■ **WHAT YOU HAVE TO DO**: Under this line are the records; repeat exactly the lines starting at the one containing "Buttoned Lapel Long" and ending at the one containing "Вночі у центрі", omitting pictures.
--- RECORDS SHOWN ---
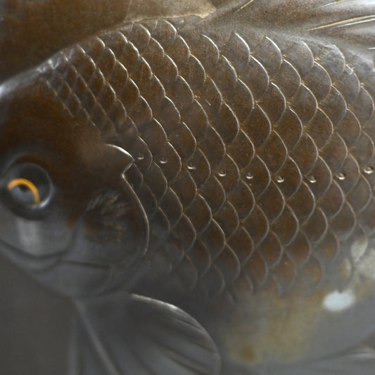 Museum Exhibited Bronze Vase ー内免 勝二 "青銅製金魚模様 花瓶"
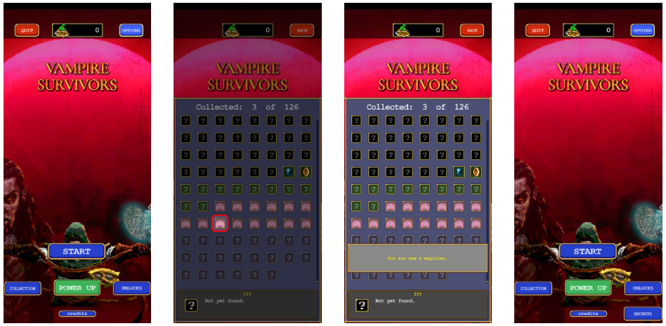 모든 주문은 비밀 메뉴에 입력해야 하며, 컬렉션 메뉴로 이동하여 노란색 기호 아이콘을 7번 탭하면 잠금 해제할 수 있습니다(아직 획득하지 않은 경우에도 마찬가지). 게임에서는 "당신은 이제 마술사입니다"라는 메시지가 표시되고 시작 화면에서 비밀 메뉴를 사용할 수 있습니다. 비밀 메뉴를 잠금 해제하는 "공식적인" 방법은 좀 더 복잡합니다. 위의 방법을 사용하면 시간이 좀 절약될 것입니다.
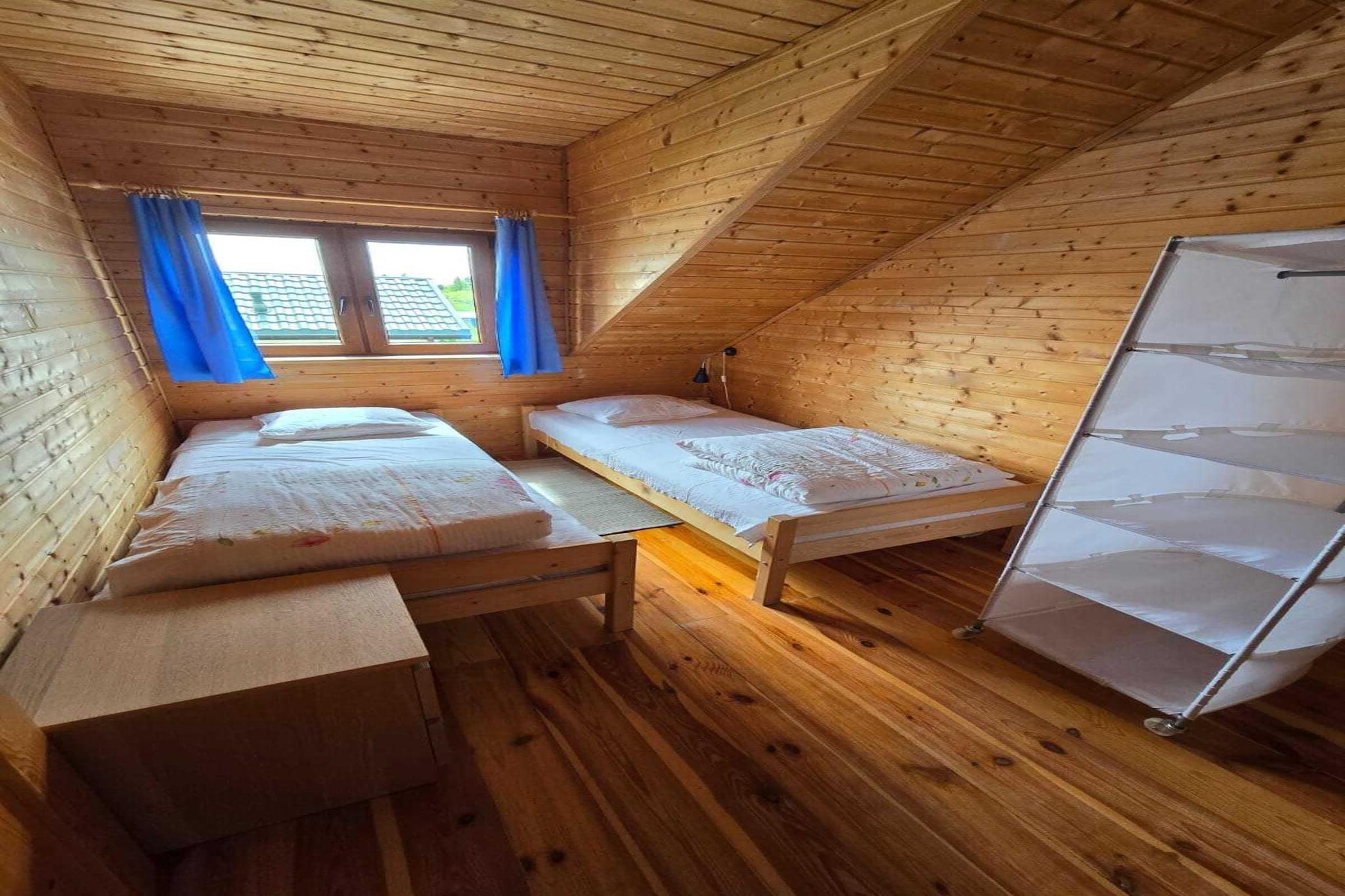 Parterre: (offene Küche(Kochplatte(1 Kochplatte, Induktion), Wasserkocher, Kaffeemaschine, Mikrowelle, Kühl-/Gefrierkombination), Wohn/Esszimmer(Doppelschlafcouch, TV(Flatscreen), Esstisch), Badezimmer(Dusche, Waschbecken, Toilette)) In der 1. Etage: (Schlafzimmer(Einzelbett, Einzelbett), Schlafzimmer(Einzelbett, Einzelbett, Einzelbett)) Internet, Parkplatz, Spielplatz, Liegewiese, Heizung(elektrisch), Terrasse(überdacht), Garten(Gemeinschaftliche Nutzung mit anderen Gästen, umzäunt), Gartenmöbel, Liegen, Grill(Holzkohle), Trampolin(Gemeinschaftliche Nutzung mit anderen Gästen), Sandkasten(Gemeinschaftliche Nutzung mit anderen Gästen), Hochstuhl, Schaukel, Babybett (kostenlos)
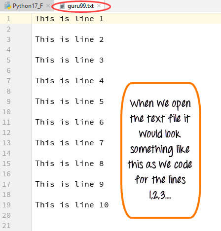 f.write("This is line %d\r\n" % (i+1))Step 3)
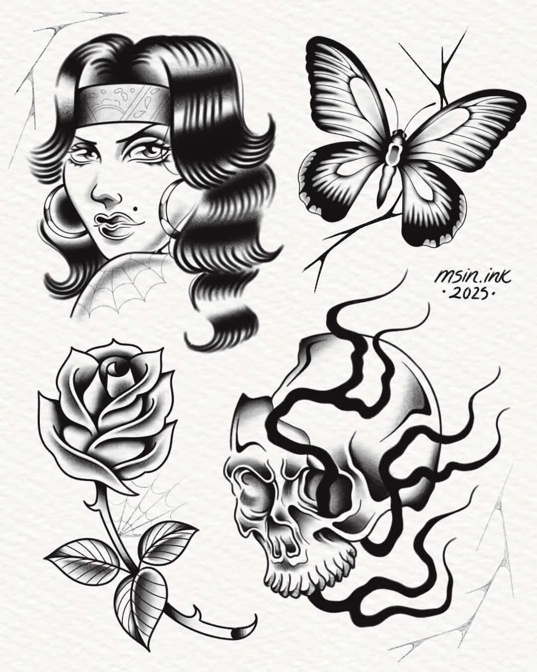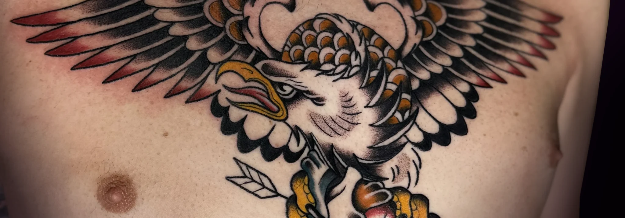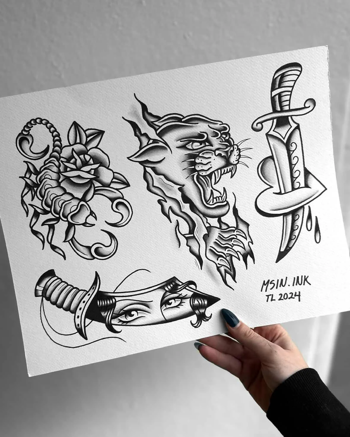 While traditional tattoos often include classic imagery like eagles, panthers, roses, daggers, and pin-ups, today’s artists are constantly evolving the style.
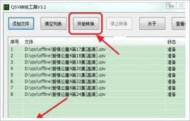 4、添加好需要转换的QSV之后,点击开始转换,之后等待转换为FLV格式文件即可;
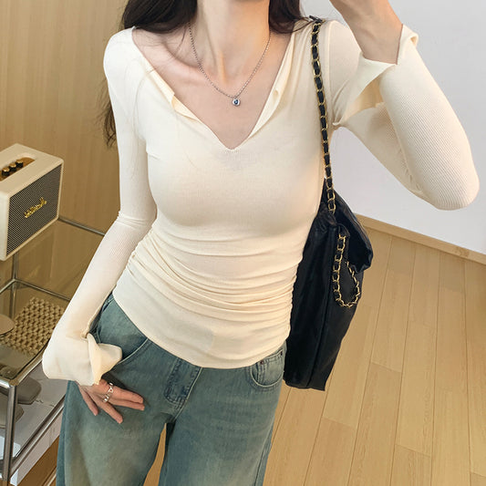 Buttoned Lapel Long Sleeve Slim Fit T-Shirt Top
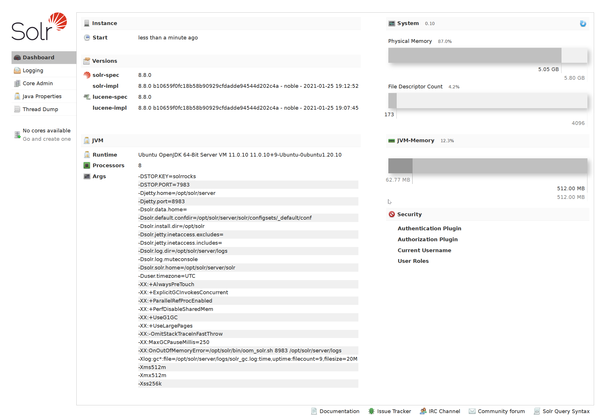 Solr process 2818 running on port 8983 { "solr_home":"/opt/solr/server/solr", "version":"8.8.0 b10659f0fc18b58b90929cfdadde94544d202c4a - noble - 2021-01-25 19:12:52", "startTime":"2021-02-12T12:22:42.968Z", "uptime":"0 days, 0 hours, 2 minutes, 49 seconds", "memory":"38.9 MB (%7.6) of 512 MB"}
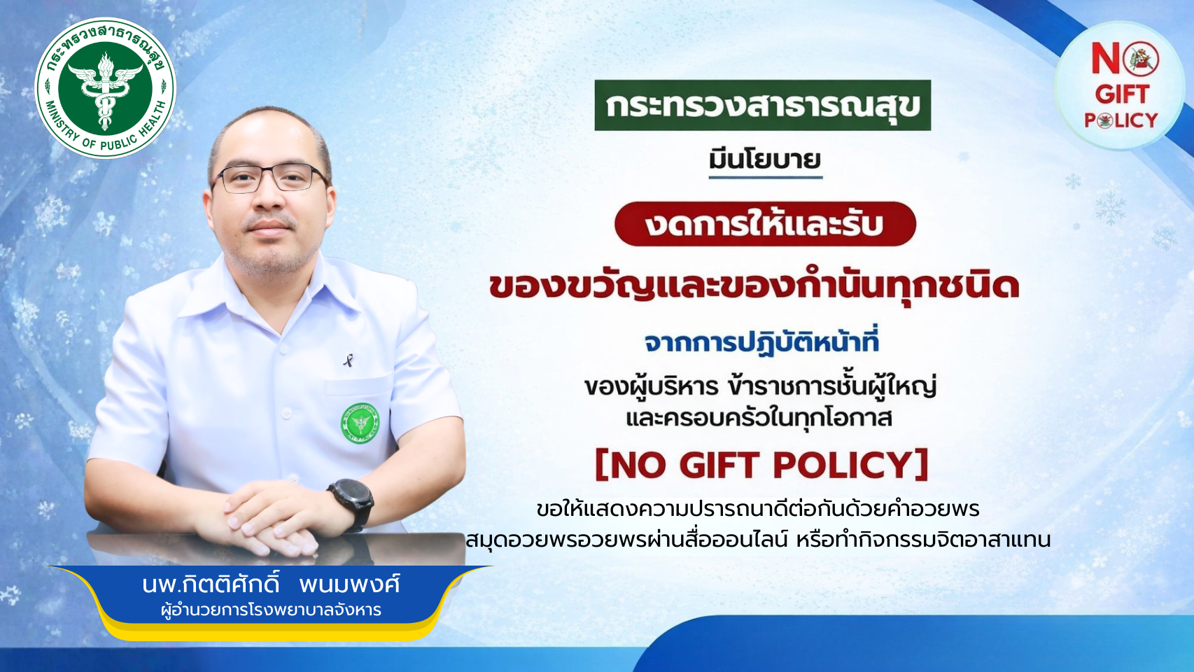 นโยบายการไม่รับของขวัญและของกำนัลจากการปฏิบัติหน้าที่ หนังสือแจ้งการประมวลผลข้อมูลส่วนบุคคล ประกาศการเข้ารับบริการโรงพยาบาลจังหาร โรงพยาบาลจังหารให้บริการเป็นมิตรสำหรับเยาวชน
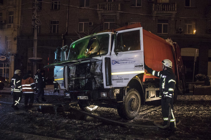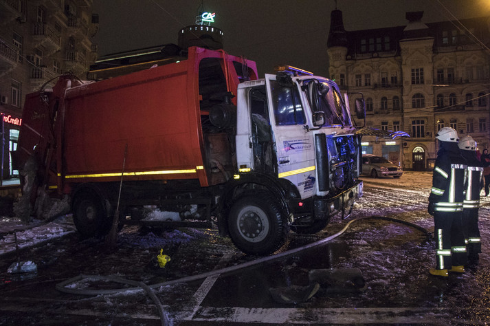 Вночі у центрі Києва горів сміттєвоз (фото, відео)
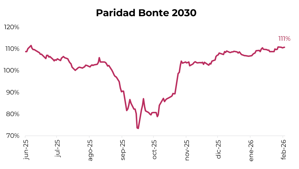 En las últimas semanas, el Bonte 2030 (TY30P) –emitido en junio de 2025 a una tasa del 29,5% TNA como instrumento en pesos orientado a la captación de financiamiento en dólares– viene ganando tracción en el mercado. El bono alcanzó paridades máximas desde junio del año pasado, reflejando una compresión relevante de rendimientos. A estos niveles, rinde en torno al 25% TNA valuado a vencimiento y acumula una ganancia cercana al 8% en el año medida en dólares MEP. Este comportamiento refleja una mejora en la percepción de riesgo y mayor apetito por duration en pesos, lo que sugiere margen para futuras colocaciones a tasas menos exigentes.
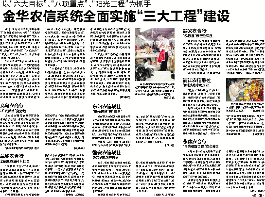 近日,金华农信系统全面启动了“金融服务进村入社区”、“阳光信贷”和“富民惠农金融创新”“三大工程”。省农信联社金华办事处主任祝晓平表示,为确保将“三大工程”打造成民心工程、惠民工程、品牌工程,要以“六大目标”、“八项重点”、“阳光工程”工作为抓手,全力助推“两富”金华建设。
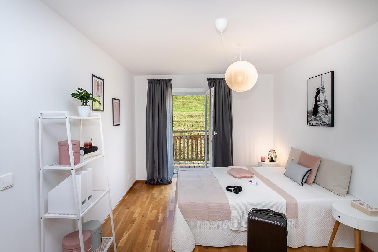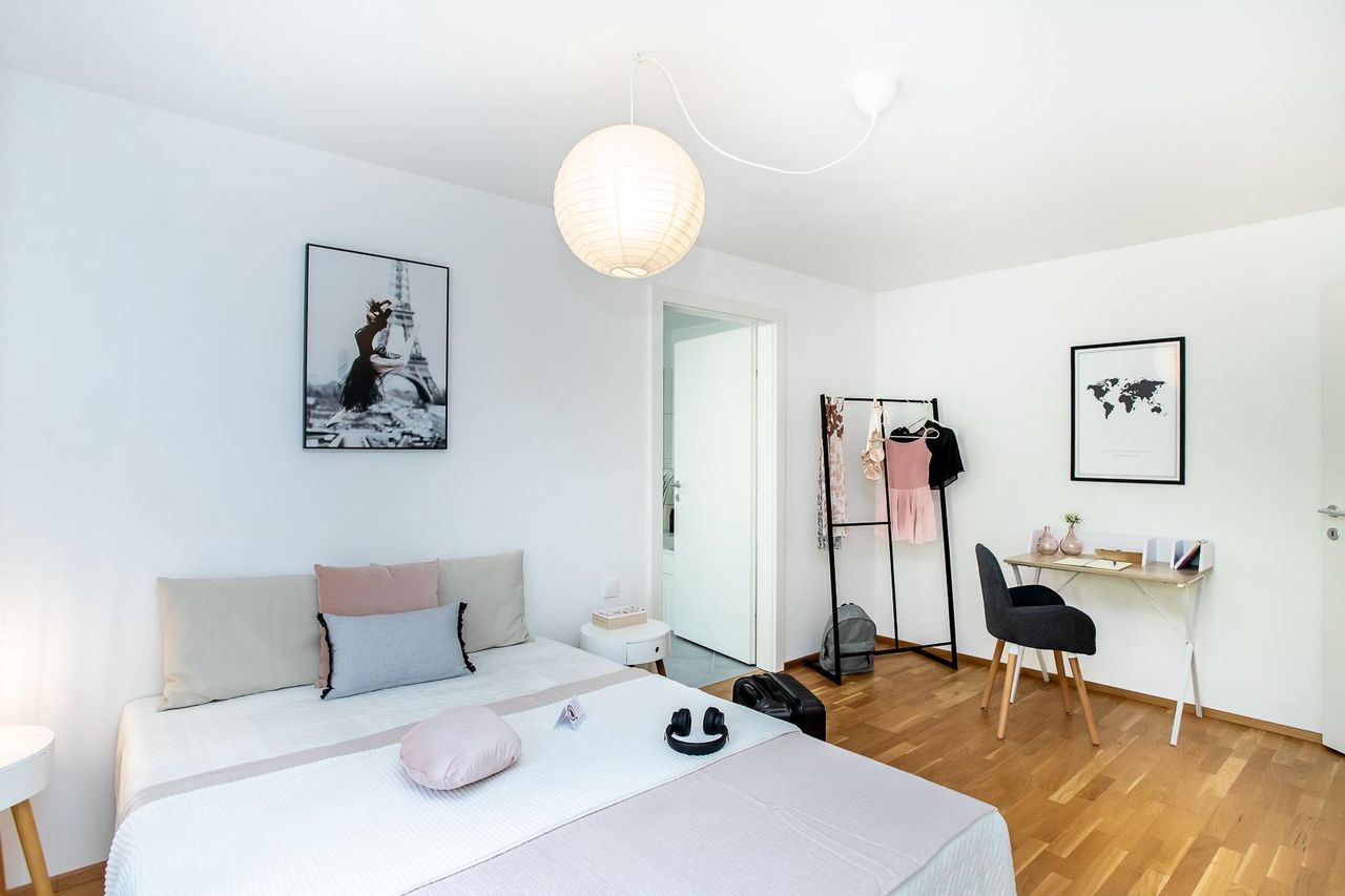 Zwei komfortable Schlafzimmer mit direktem Zugang zum Balkon ermöglichen maximale Privatsphäre – jedes davon verfügt über ein eigenes, stilvoll ausgestattetes Badezimmer. Eines der Bäder ist mit WC ausgestattet, ein separates Gäste-WC sorgt für zusätzlichen Komfort.
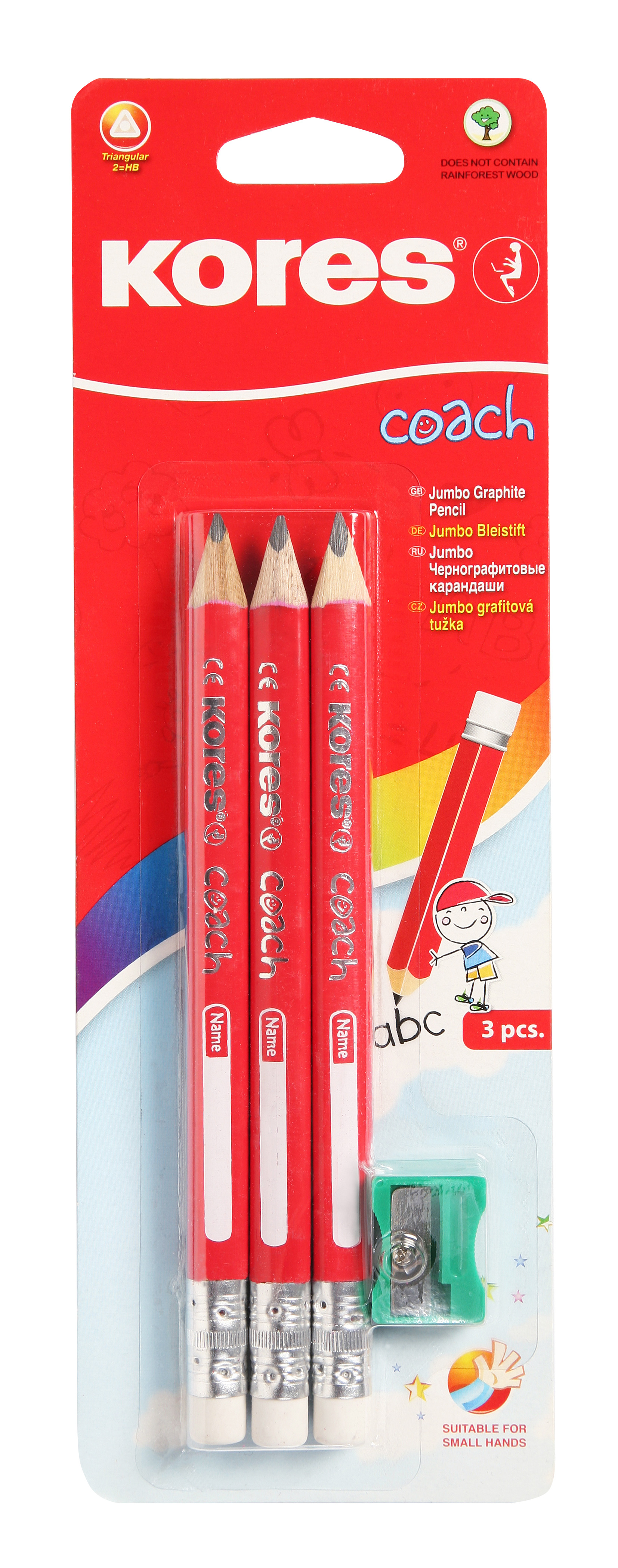 Produktinformationen "KORES COACH Bleistift HB Spitzer BB92533 3 St./weisser Radierer,3-eck."
---
■ **WRITTEN ANSWER**:
 Buttoned Lapel Long Sleeve Slim Fit T-Shirt Top
 Solr process 2818 running on port 8983 { "solr_home":"/opt/solr/server/solr", "version":"8.8.0 b10659f0fc18b58b90929cfdadde94544d202c4a - noble - 2021-01-25 19:12:52", "startTime":"2021-02-12T12:22:42.968Z", "uptime":"0 days, 0 hours, 2 minutes, 49 seconds", "memory":"38.9 MB (%7.6) of 512 MB"}
 นโยบายการไม่รับของขวัญและของกำนัลจากการปฏิบัติหน้าที่ หนังสือแจ้งการประมวลผลข้อมูลส่วนบุคคล ประกาศการเข้ารับบริการโรงพยาบาลจังหาร โรงพยาบาลจังหารให้บริการเป็นมิตรสำหรับเยาวชน
 Вночі у центрі Києва горів сміттєвоз (фото, відео)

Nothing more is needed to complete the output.